La laguna dei rifiuti fra Codevigo e Chioggia, gli ambientalisti: «Troppa plastica abbandonata»

Gruppo d’intervento giuridico segnala grandi quantità di rifiuti tra Codevigo e Chioggia. Dopo la richiesta di bonifica alle istituzioni, arriva anche l'appello ai cittadini

Una delle immagini scattate tra Codevigo e Chioggia ©Gruppo d’intervento giuridico

Riceviamo e pubblichiamo:

L’associazione ecologista Gruppo d’intervento giuridico onlus (sezione Veneto) lancia un appello per segnalare l'accumulo di rifiuti nell'area della Laguna veneta che interessa anche il territorio di Codevigo.

La richiesta 

In una nota, il gruppo informa di aver inviato il 14 ottobre «Specifica istanza di accesso civico, informazioni ambientali e adozione degli opportuni provvedimenti per richiedere la bonifica ambientale di un ingente quantitativo di rifiuti vari, sopratutto di materiale plastico, accumulatesi nel corso degli anni tra velme, barene e sugli argini della laguna». Viene quindi richiesto un intervento per rimuovere i tanti detriti abbandonati, che si unisce all'appello per sensibilizzare i cittadini a un maggiore rispetto dell'ambiente. Le aree più colpite sono Valle Millecampi e la spiaggia della Boschettona, a cavallo tra i omuni di Codevigo e Chioggia.

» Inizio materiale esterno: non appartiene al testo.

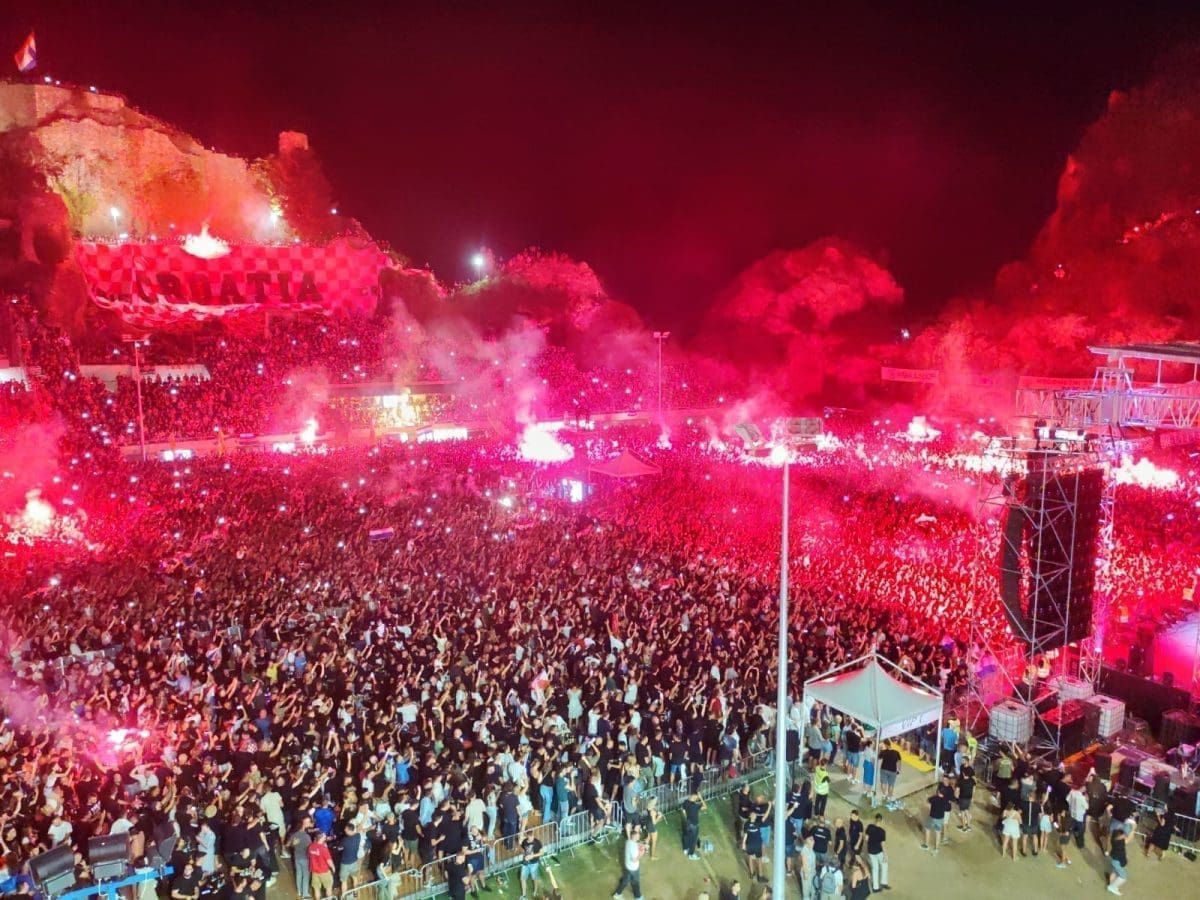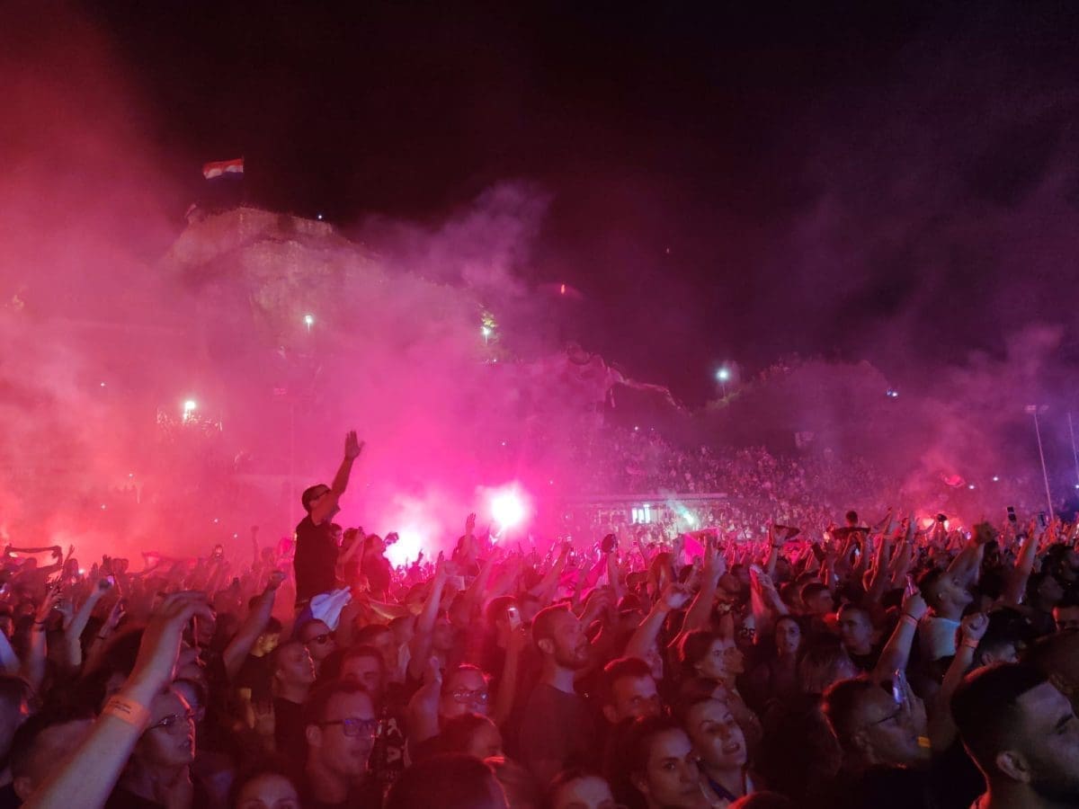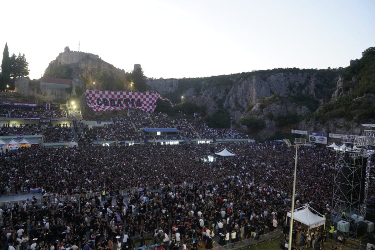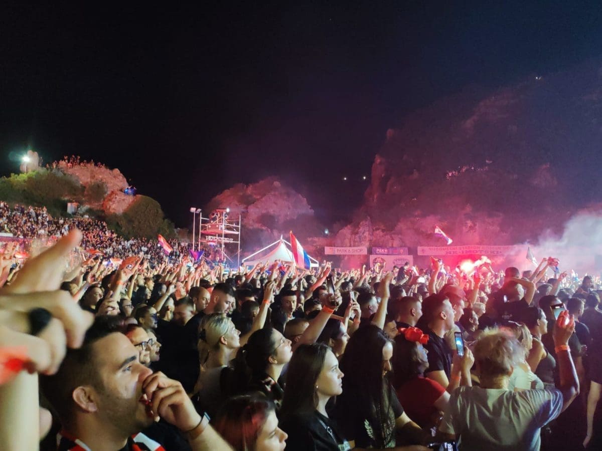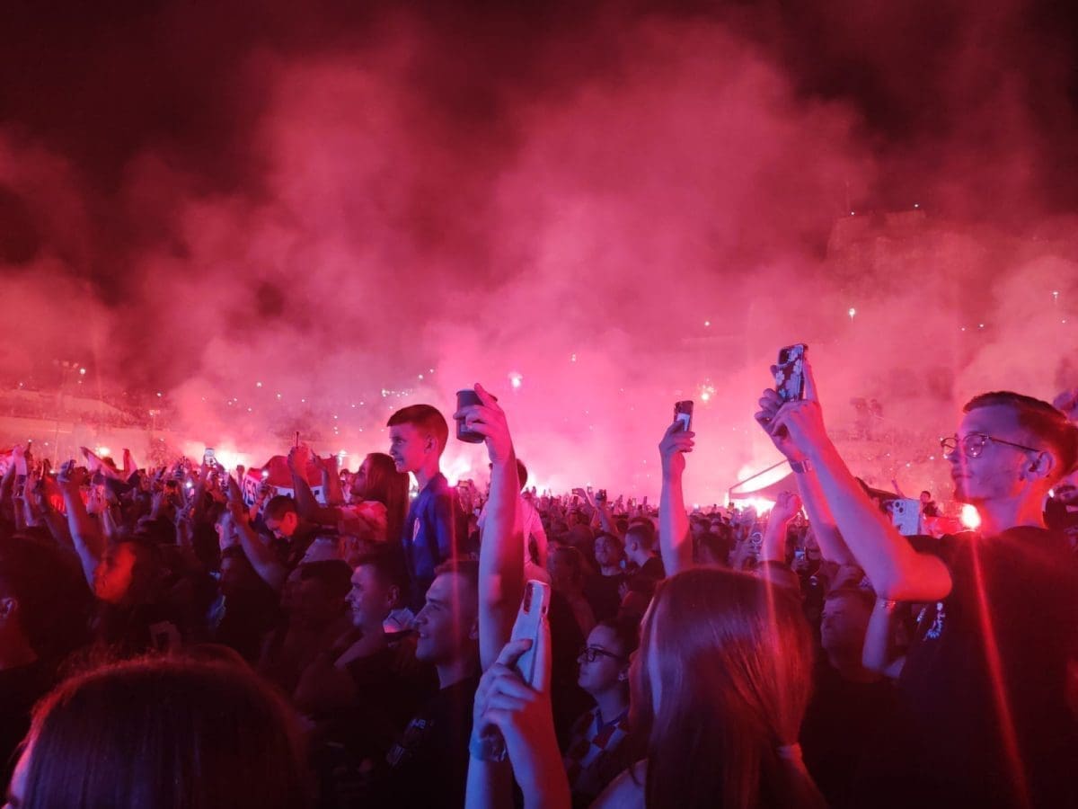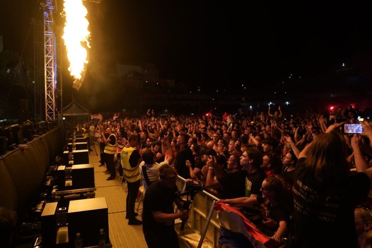 Posjetitelji su oduševljeni i nastao je pravi delirij kada su se ugasila svjetla na pozornici. Pale se baklje, pjeva se i vijore se zastave na prepunom stadionu u Imotskom.

Un rischio per l'ambiente e la salute

Come riporta la nota, secondo il Ministero dell’ambiente la quantità di rifiuti di plastica nei mari è in aumento: ogni anno vengono prodotti a livello mondiale 300 milioni di tonnellate di materie plastiche, di cui almeno 8 milioni finiscono nell’oceano. «Si tratta di una minaccia per le specie marine e gli ecosistemi» sottolinea il gruppo «ma anche un rischio per la salute umana, con implicazioni significative su settori come il turismo, la pesca e l’acquacoltura» (fonte).

Le sanzioni

«L’abbandono e il deposito incontrollato di rifiuti sul suolo e nelle acque superficiali e sotterranee sono vietati dall’art. 192 del decreto legislativo n.152/2006»: nel concreto, il sindaco competente su un'area inquinata, in accordo con il proprietario e il titolari dei diritti, impone che il trasgressore la rimozione dei rifiuti e il ripristino della zona. In caso di mancato rispetto dell'ordine, si procede d'ufficio con le sanzioni. In conclusione, Gruppo d’intervento giuridico onlus si augura che le autorità intervengano quanto prima nella zona della Laguna veneta, per salvarne l'ecosistema ambientale.